Brief
Reproduce nothing beyond the line containing "3月20日至31日,第五黄家". From the first line of the data below down to it, copy each line exactly, without the pictures.

Saved entries:
◆ ◆ ◆ ◆ ◆

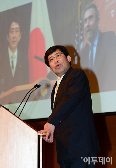 윤창현 한국금융연구원장이 8일 오전 남대문로 대한상공회의소에서 열린 조찬간담회에 참석해 ‘최근 금융시장 동향과 한국경제’를 주제로 강연하고 있다. 노진환 기자 myfixer@
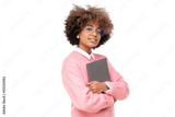 Fashion portrait of african american teen girl, high school or online course student holding laptop
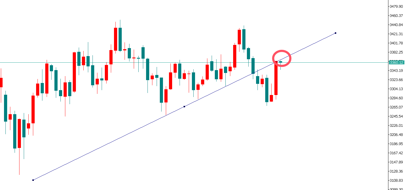 从黄金日线图来看,当前位置正好触及此前上升趋势线形成的反压力位。另外,当前4小时图出现看跌吞没形态,早盘高点3366恐怕都不一定能过去!!!
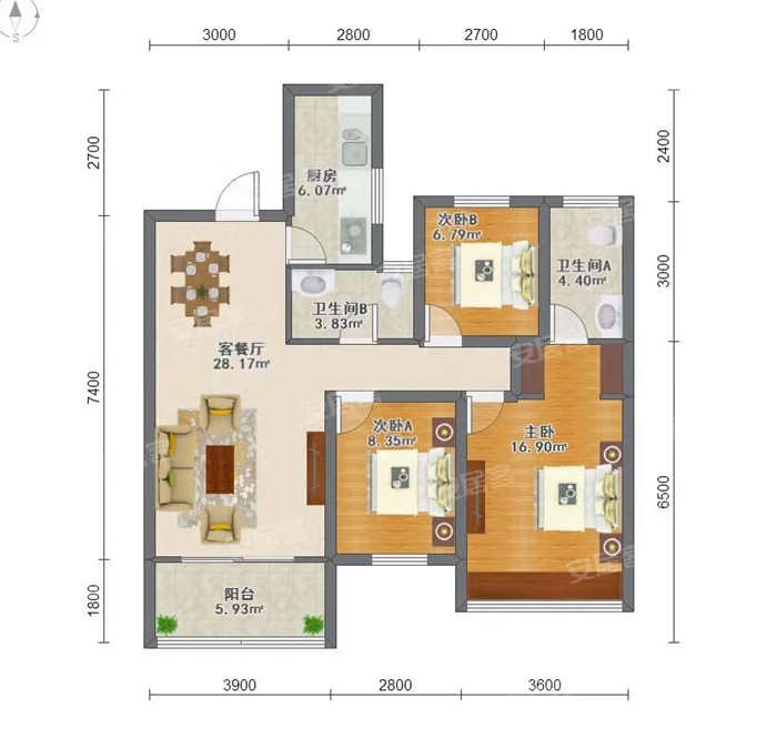 戶型圖可以大致反映出一個家的樣貌,整體來說是三室兩廳的標準戶型,進門處客餐廳共享一個大平層,走廊左側(cè)為次臥和廚房,右側(cè)為主臥和次臥兩個房間,主臥里面帶有一個衛(wèi)生間,房間規(guī)劃十分清晰。
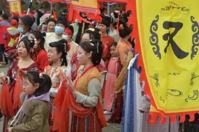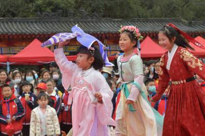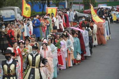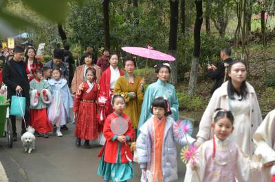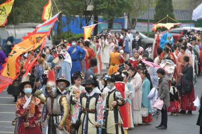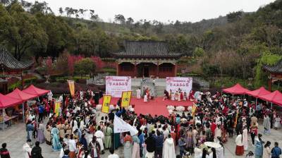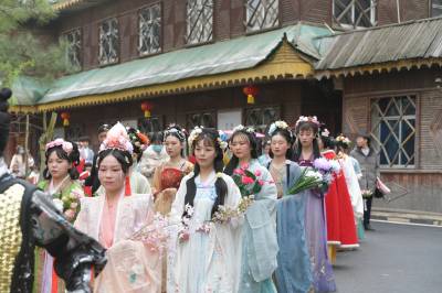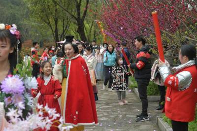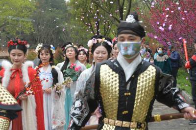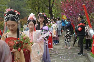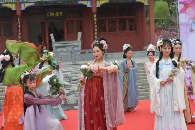 3月20日至31日,第五黄家湾第五届花朝节拍摄的簪花游园活动,方阵巡游、十二花神献祥瑞、祭花神、汉服雅集、簪花游园等10多场活动再现花朝节传统民俗文化之美。
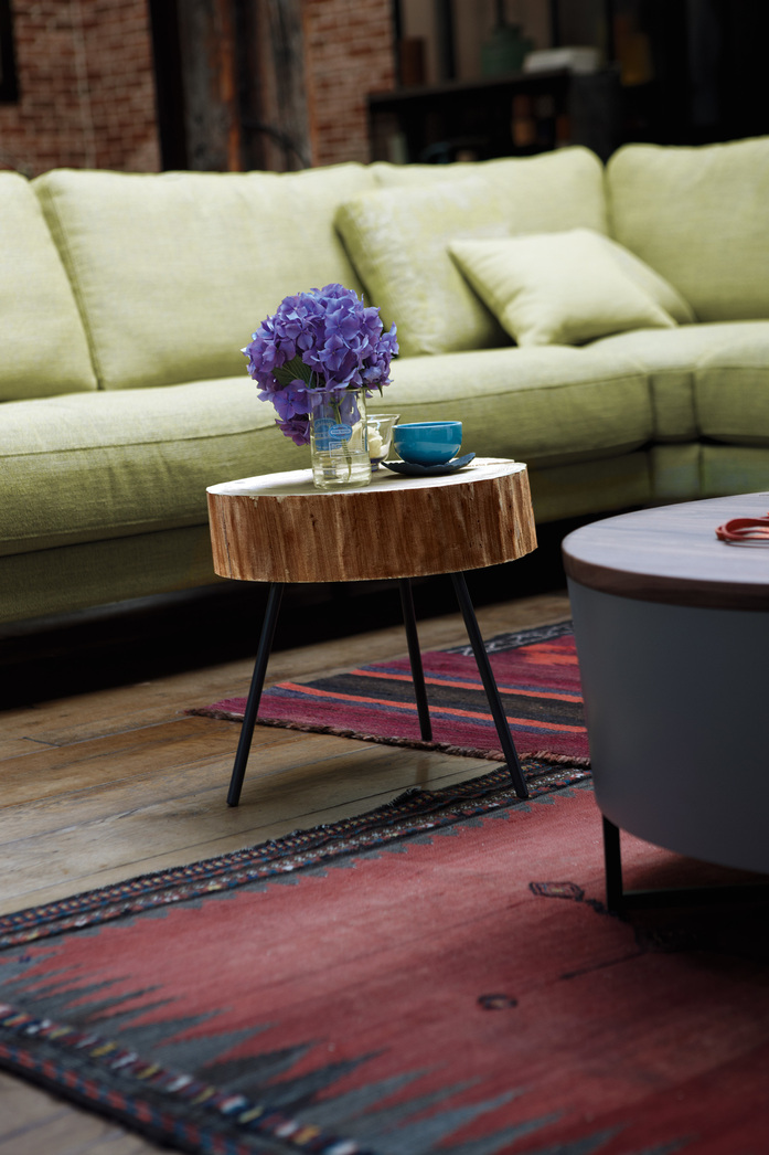 Höhe 38 cm: 40 - 45 cm (rund) Höhe 49 cm: 40 - 45 cm (rund) Platte: Esche massiv, roh – Durchmesser variiert zwischen 40 und 45 cm Füße: Stahl, glanzchrom oder lackiert in Signalschwarz

◆ ◆ ◆ ◆ ◆

Answer section
 윤창현 한국금융연구원장이 8일 오전 남대문로 대한상공회의소에서 열린 조찬간담회에 참석해 ‘최근 금융시장 동향과 한국경제’를 주제로 강연하고 있다. 노진환 기자 myfixer@
 Fashion portrait of african american teen girl, high school or online course student holding laptop
 从黄金日线图来看,当前位置正好触及此前上升趋势线形成的反压力位。另外,当前4小时图出现看跌吞没形态,早盘高点3366恐怕都不一定能过去!!!
 戶型圖可以大致反映出一個家的樣貌,整體來說是三室兩廳的標準戶型,進門處客餐廳共享一個大平層,走廊左側(cè)為次臥和廚房,右側(cè)為主臥和次臥兩個房間,主臥里面帶有一個衛(wèi)生間,房間規(guī)劃十分清晰。
 3月20日至31日,第五黄家湾第五届花朝节拍摄的簪花游园活动,方阵巡游、十二花神献祥瑞、祭花神、汉服雅集、簪花游园等10多场活动再现花朝节传统民俗文化之美。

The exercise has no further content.